Może za wiele żądam od Sądu Rodzinnego? Na przykład takiej niepotrzebnej wiedzy jak chociażby wiedza o tym ile kobieta chodzi czasu w ciąży. Przesadzam?
Zostałem wiele lat temu skazany na postawie zeznań kobiety która twierdziła, że chodziła w ciąży z moim dzieckiem kilka lat. Moje protesty zdały się psu na budę. Sąd wie lepiej. O absurdach lepiej nie mówić. Aby nikogo nie rozdrażnić.
Według tej zasady, tylko ślepi powinni się wypowiadać na temat obrazów, a głusi to najlepsi recenzenci muzyki.
Prędzej przez nieco wyżej wymienionych zostanę pozwany za brak tolerancji niż doczekam się sprawiedliwości w polskich sądach.

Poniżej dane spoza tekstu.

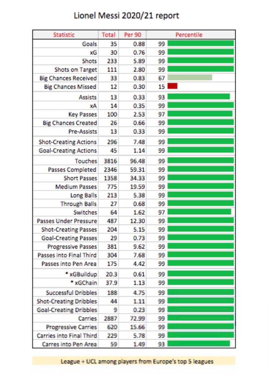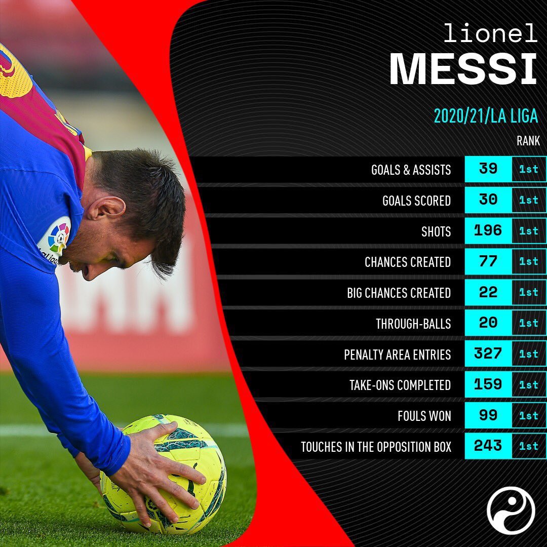 Messi has unbelievable 2021 stats at face value, and they don’t do his performances justice. No player has performed half as well or as consistently while meeting the criteria of winning trophies.

Idąc tym tropem napisałem wspomnienia. Też się nie znam na pisaniu. Co powinno mi tylko pomóc. Poszedłem jeszcze dalej. Zachęcony sukcesem publikacji (kupione 4 książki)postanowiłem napisać kompletne wspomnienia, w których więzienia do których trafiłem dzięki życzliwości Sądu, są tylko jednym z około 20-tu elementów, części. Jakby na to nie spojrzeć, i tak mam większe szanse na sukces literacki niż na wygranie w sądzie swojej sprawy.
Teraz na poważnie. Poprawiłem we wspomnieniach o więzieniach rażące błędy, dodałem jeden króciutki rozdział. Mam w paru formatach: epub, mobi i pdf-ie. Zwracam się więc do tych co kupili: wyślę poprawioną wersję w wybranym formacie na maila. Oczywiście gratis.
…………………………………………………………………………………………………………………………………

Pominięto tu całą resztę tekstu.